RECORDS TO PROCESS Block Start

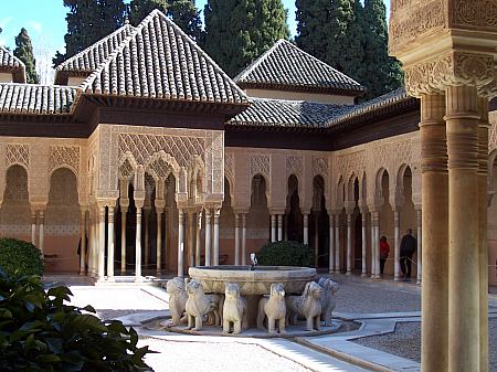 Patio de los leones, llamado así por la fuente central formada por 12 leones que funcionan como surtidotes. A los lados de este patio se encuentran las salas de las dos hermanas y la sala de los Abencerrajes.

RECORDS TO PROCESS Block End
RECORDS TO PROCESS Block Start

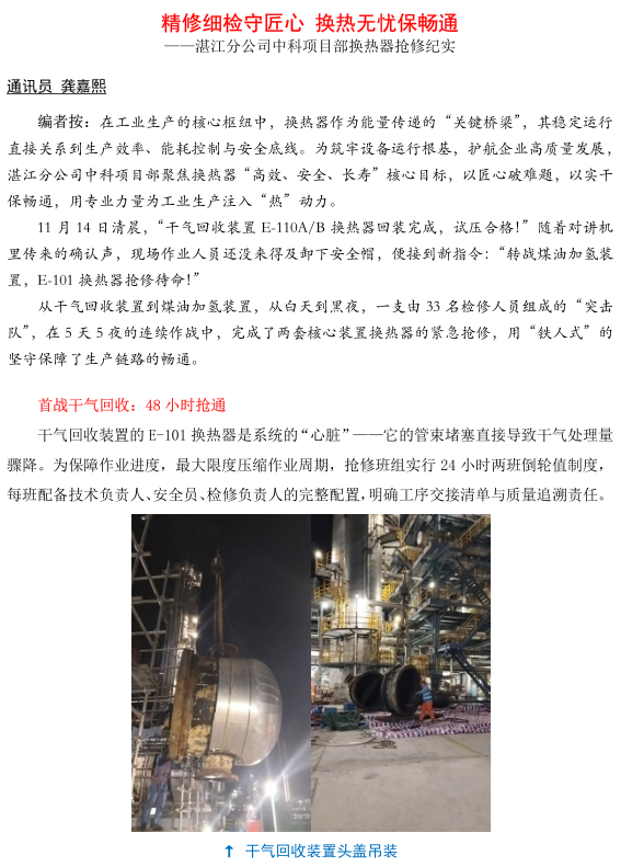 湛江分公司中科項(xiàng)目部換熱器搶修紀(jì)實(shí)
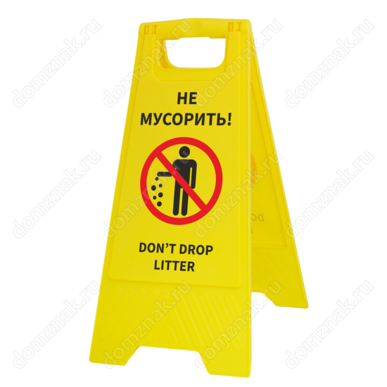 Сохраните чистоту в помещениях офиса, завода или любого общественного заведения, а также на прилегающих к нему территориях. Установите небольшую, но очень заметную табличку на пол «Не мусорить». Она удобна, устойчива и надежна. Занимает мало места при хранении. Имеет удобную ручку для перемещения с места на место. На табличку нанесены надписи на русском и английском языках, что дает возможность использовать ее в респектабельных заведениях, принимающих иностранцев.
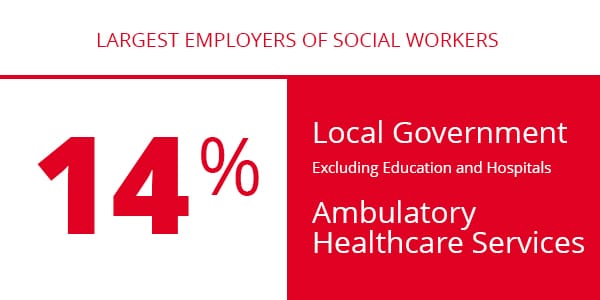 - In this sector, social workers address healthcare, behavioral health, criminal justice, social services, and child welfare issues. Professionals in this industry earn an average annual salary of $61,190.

RECORDS TO PROCESS Block End
RECORDS TO PROCESS Block Start

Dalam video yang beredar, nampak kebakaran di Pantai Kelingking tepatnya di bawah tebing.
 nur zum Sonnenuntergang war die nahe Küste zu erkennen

RECORDS TO PROCESS Block End

# WHAT IS EXPECTED
Skipping the pictures, print the lines in the listing above exactly as written, starting at the line with "Сохраните чистоту в" and ending at the line with "- In this sector, social", both included.

# REPLY TO THE EXERCISE
 Сохраните чистоту в помещениях офиса, завода или любого общественного заведения, а также на прилегающих к нему территориях. Установите небольшую, но очень заметную табличку на пол «Не мусорить». Она удобна, устойчива и надежна. Занимает мало места при хранении. Имеет удобную ручку для перемещения с места на место. На табличку нанесены надписи на русском и английском языках, что дает возможность использовать ее в респектабельных заведениях, принимающих иностранцев.
 - In this sector, social workers address healthcare, behavioral health, criminal justice, social services, and child welfare issues. Professionals in this industry earn an average annual salary of $61,190.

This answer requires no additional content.